• [Exercise] Exact reproduction of every record is required, and pictures are to be excluded.

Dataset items
········

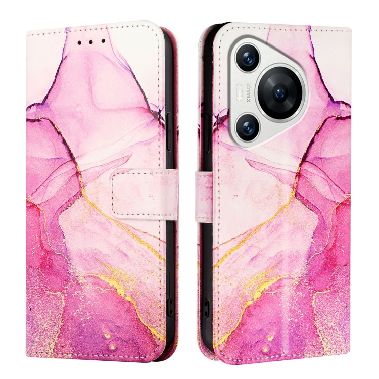 Funda de Cuero con Tapa para Huawei Pura 70 Pt003 con Patrón Mármol (Rosa Púrpura Dorado)
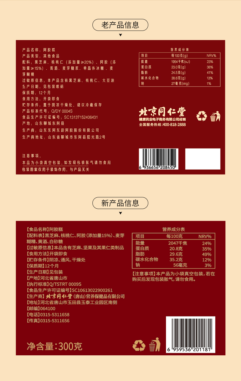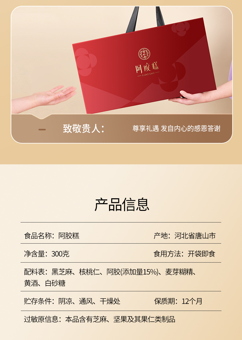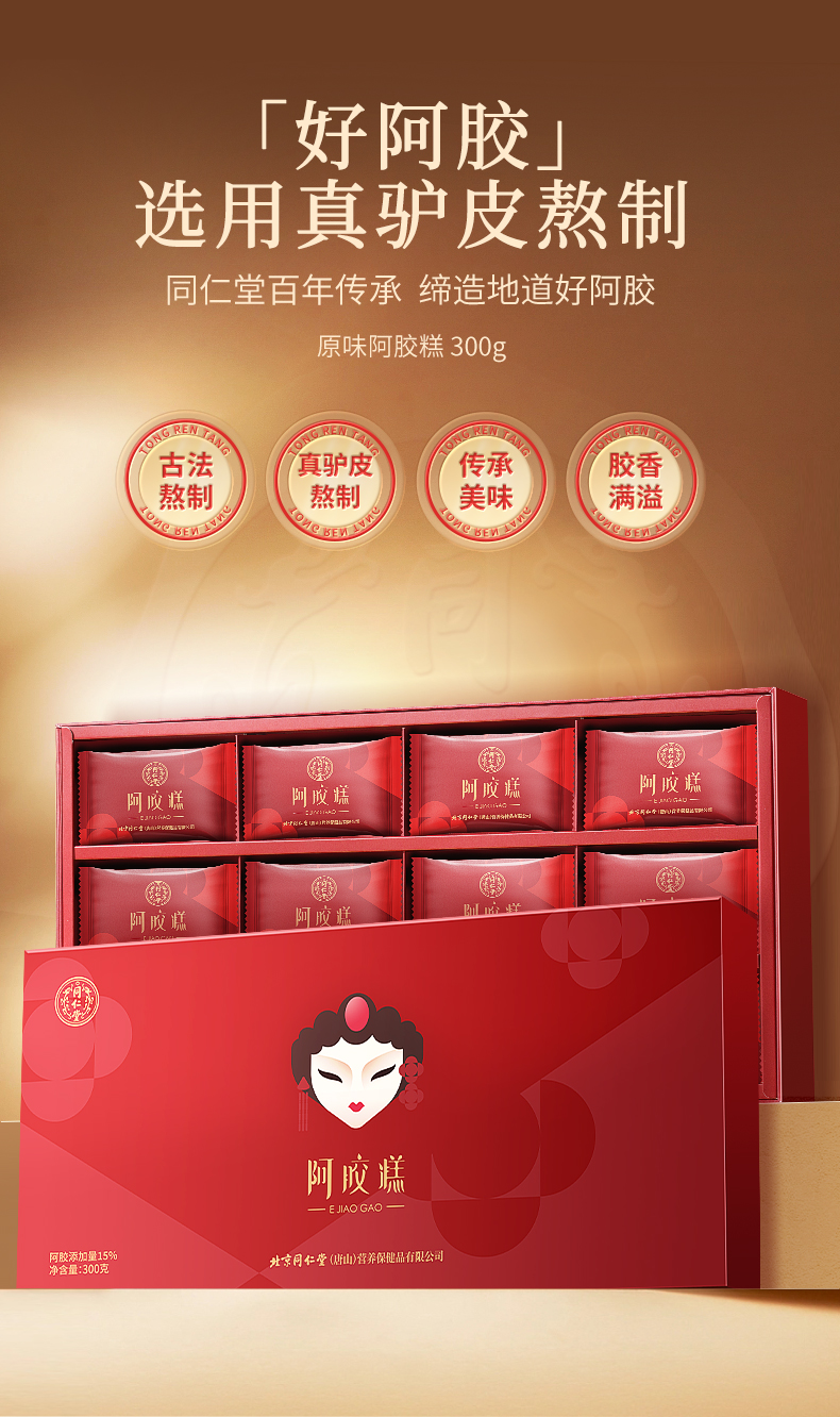 【正宗同仁堂品牌】北京同仁堂 阿胶糕-300克 送礼盒 东阿水熬制 15%含量 独立包装 SY
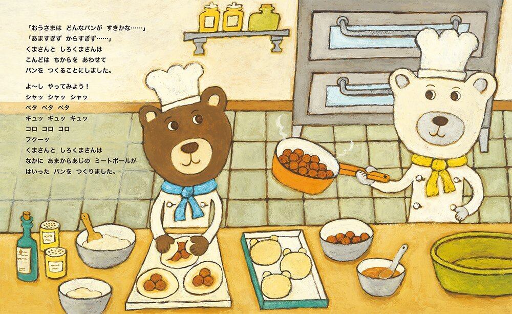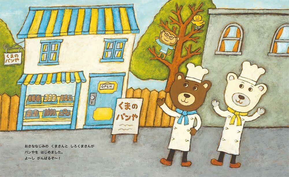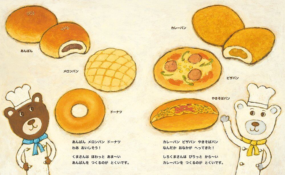 くまさんはあんパン、しろくまさんはカレーパンを作るのが得意です。美味しいパンにお店は大人気。
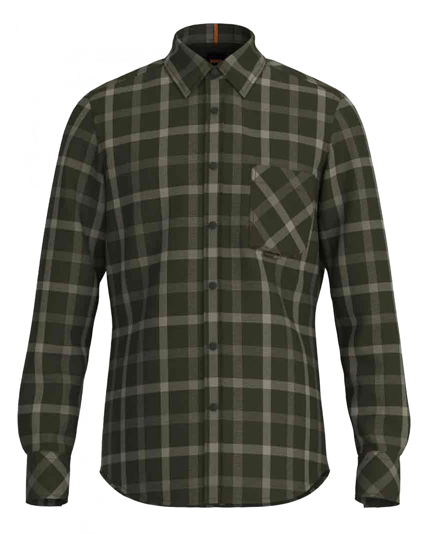 - BOSSÂ Mens Riou_1 Dark Green Checked Light Flannel Shirt
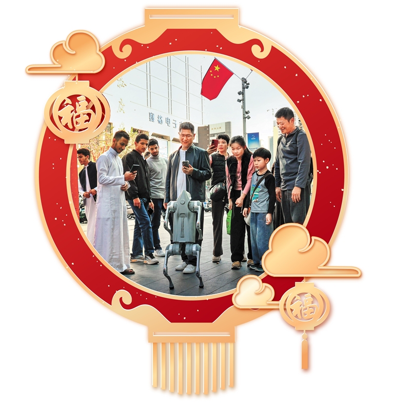新春的华强北,开放联通世界。商圈日均客流75万人次,超7000名外籍客商来自183个国家和地区,在华强北过年的外国客商占比同比提升50%。240小时过境免签政策,让海外采购商实现商务考察与新春体验无缝衔接。华强北一站式供应链高效便捷,货品“一周出海”,日均发件超300万件,四成发往全球,年货货值突破千亿元。中外群众共写春联、同剪窗花,浓浓年味与全球商机交融。
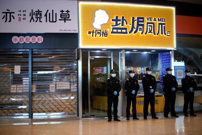 | Lực lượng an ninh túc trực tại một nhà ga thuộc Vũ Hán. Ảnh: Reuters. |

········

• [Task result]
 Funda de Cuero con Tapa para Huawei Pura 70 Pt003 con Patrón Mármol (Rosa Púrpura Dorado)
 【正宗同仁堂品牌】北京同仁堂 阿胶糕-300克 送礼盒 东阿水熬制 15%含量 独立包装 SY
 くまさんはあんパン、しろくまさんはカレーパンを作るのが得意です。美味しいパンにお店は大人気。
 - BOSSÂ Mens Riou_1 Dark Green Checked Light Flannel Shirt
新春的华强北,开放联通世界。商圈日均客流75万人次,超7000名外籍客商来自183个国家和地区,在华强北过年的外国客商占比同比提升50%。240小时过境免签政策,让海外采购商实现商务考察与新春体验无缝衔接。华强北一站式供应链高效便捷,货品“一周出海”,日均发件超300万件,四成发往全球,年货货值突破千亿元。中外群众共写春联、同剪窗花,浓浓年味与全球商机交融。
 | Lực lượng an ninh túc trực tại một nhà ga thuộc Vũ Hán. Ảnh: Reuters. |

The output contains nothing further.